Blessed with waters of stunning clarity and included in one of the rigorously protected “Green Zones” of the Great Barrier Reef Marine Park, Lady Elliot Island is another mecca for snorkelers. This coral cay offers wonderful opportunities to get an up-close look at the diversity of corals that construct the reef, as well as look for barracudas, sea turtles, sharks, and other denizens. You’ll also get perspective on Great Barrier geography, snorkeling at its southernmost frontier.

OTHER AREAS

Ningaloo Reef
This is the lesser-known, west-coast counterpart of the Great Barrier Reef. The Ningaloo is a fringing reef—Australia’s longest, in fact—stretching 160 miles along the semi-arid North West Cape of Western Australia. It is most famous for the enormous whale sharks that visit the reef in the austral autumn; these wide-mouthed, heavily spotted creatures, which feed on plankton and other small creatures, are the world’s largest fish, occasionally reaching lengths of 50 feet. Despite their imposing size, whale sharks are harmless to human beings—though anything of such bulk must be treated with respect, of course. Another filter-feeding gentle giant common to the Ningaloo is the manta ray, an enormous, black-and-white beast that often feasts on its miniscule prey in swooping loops, and sometimes leaps dramatically from the water.

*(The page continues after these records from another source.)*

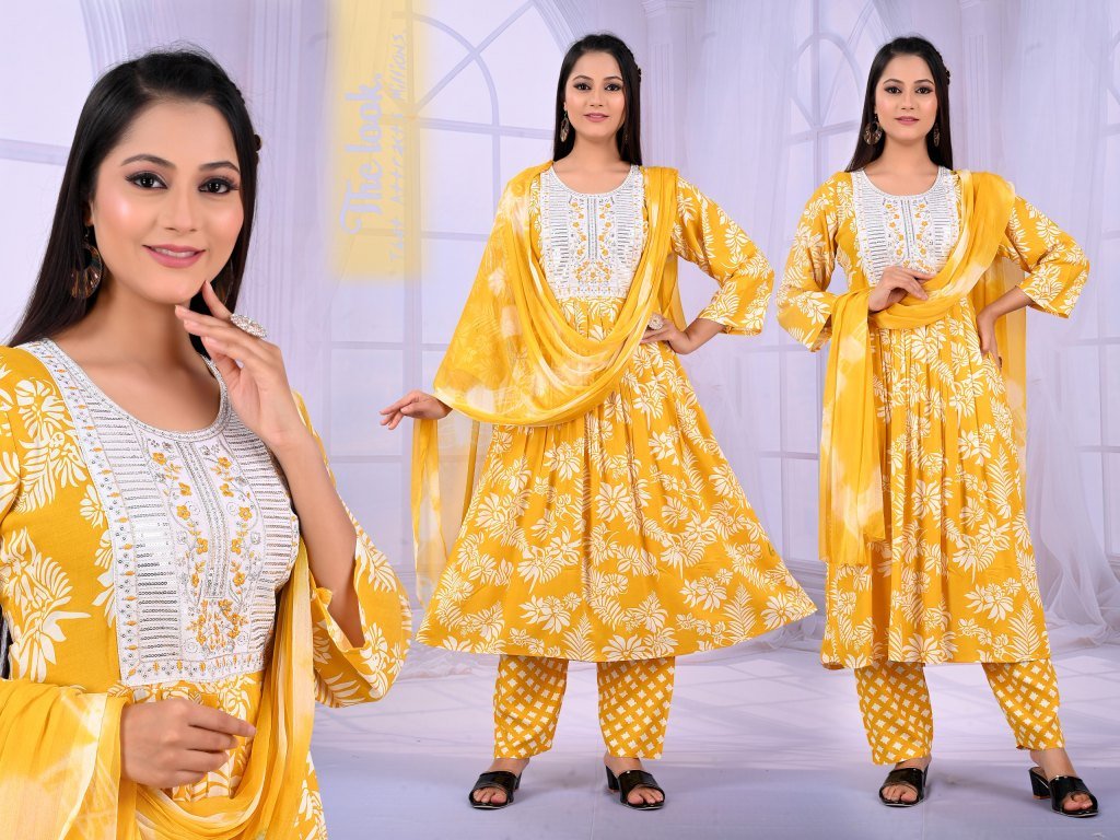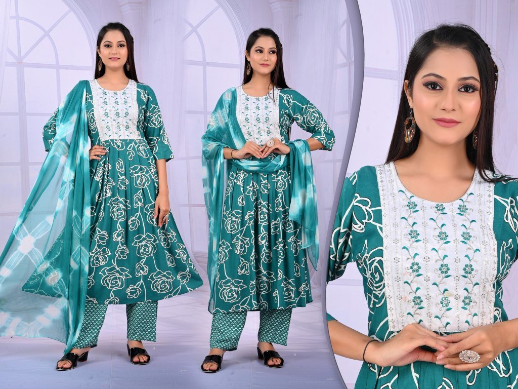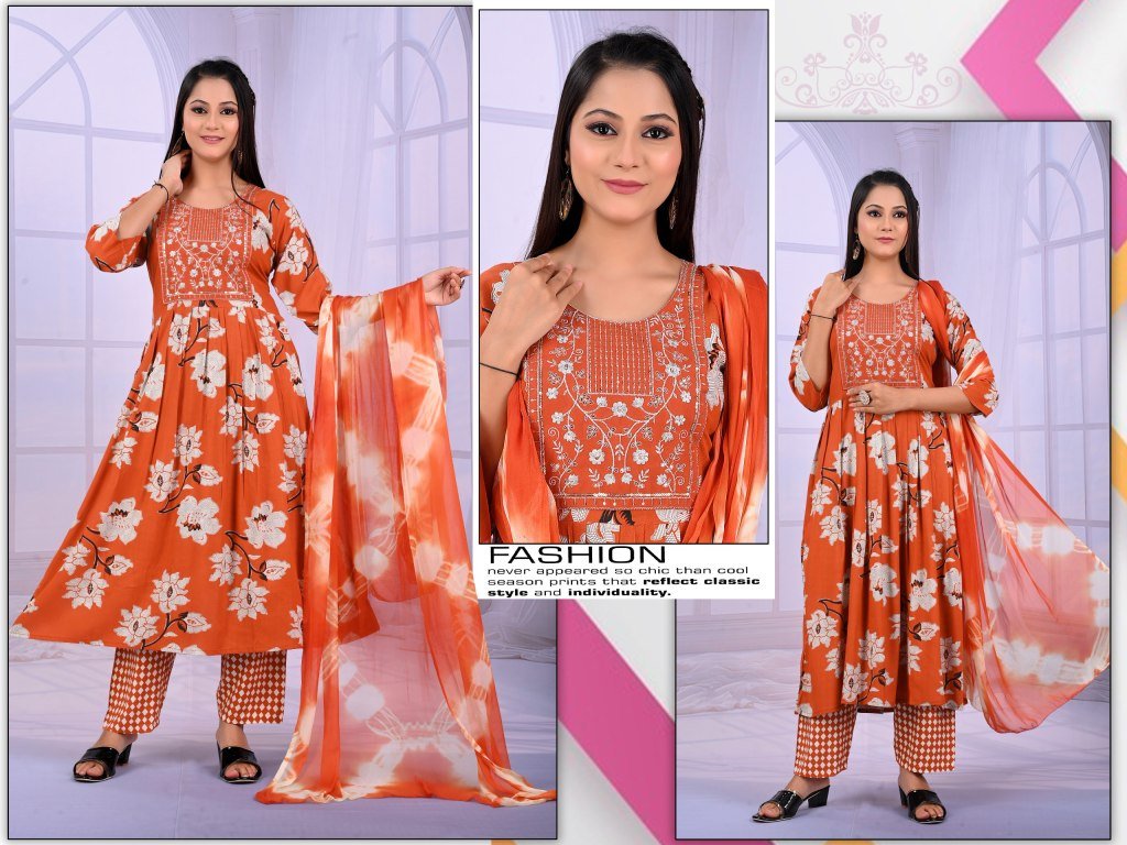 Padmavati Karishma Vol 1 Rayon ODP Print Suit Set with Gala Work And Naznine Saboori Dupatta Wholesale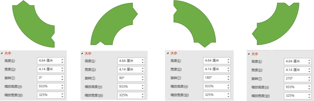 2. 分别旋转 0°、90°、180°、270°,形成环绕布局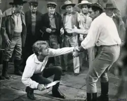 The 1952 film, The Iron Mistress, based on Paul Wellman's 1951 novel, starring Alan Ladd as Jim Bowie and Tony Caruso as "Bloody Jack" Sturdevant, also known as Roswell S. Sturdivant, depicts a Hollywood version of the infamous Bowie duel at Natchez Under The Hill.[44] In 1964, Wellman also published the book, Spawn of Evil, which went into more depth about Roswell Sturdivant and his gang and the crime network on the early American frontier.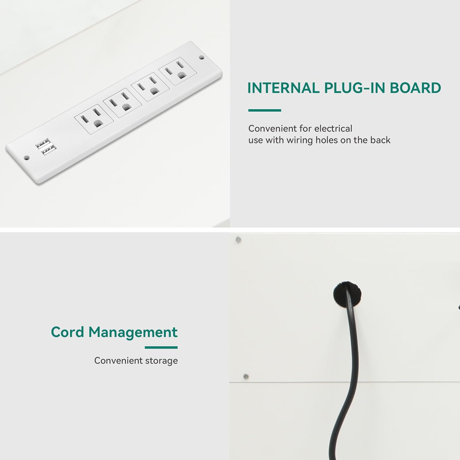 - Built-In Power Outlets: Source outlets and cable holes ensure easy and clean connections. Anti-tip design enhances safety and stability
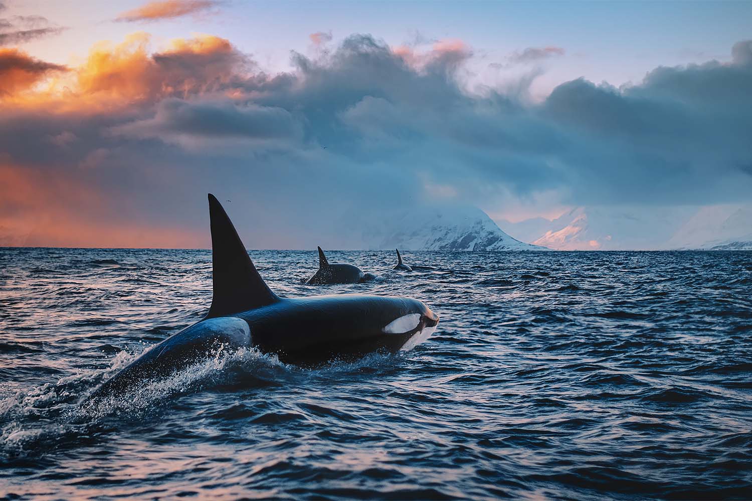 Orcas, also known as killer whales, are apex predators and highly intelligent and social creatures. During the winter season, from November to February, they can often be seen in Icelandic waters because they follow herring migration, their preferred food source. Orcas hunt and feed in groups and are known for their striking black-and-white appearance and complex social structures. If you're interested in observing these fantastic creatures, head to the herring-rich areas of the East Fjords, the Snaefellsnes Peninsula, or the South Coast.

These and other big creatures—like the dugong (an elephantine underwater grazer), humpback whales, sea turtles, and tiger sharks—may attract the most attention, but the Ningaloo Reef is also a place of wrasses, shrimp, and eels. It’s an excellent destination for the snorkeler, considering the coral shelves often begin quite close to the shore.

Rottnest Island
One attraction of Rottnest Island—which formerly housed an Aboriginal prison and internment camps from the two World Wars—is its close proximity to Western Australia’s big, vibrant capital of Perth: The Island is but 12 miles offshore. It supports rich coral and seagrass habitat, as well as a full roster of marine organisms: from tailors, butterfly fish, and western rock lobsters to Australian sea lions, bottlenose dolphins, and humpback whales.

Cars are prohibited on Rottnest Island; snorkelers can travel between the prime sites by bicycle or foot, which makes this destination a particularly refreshing and vigorous one—above and below the water.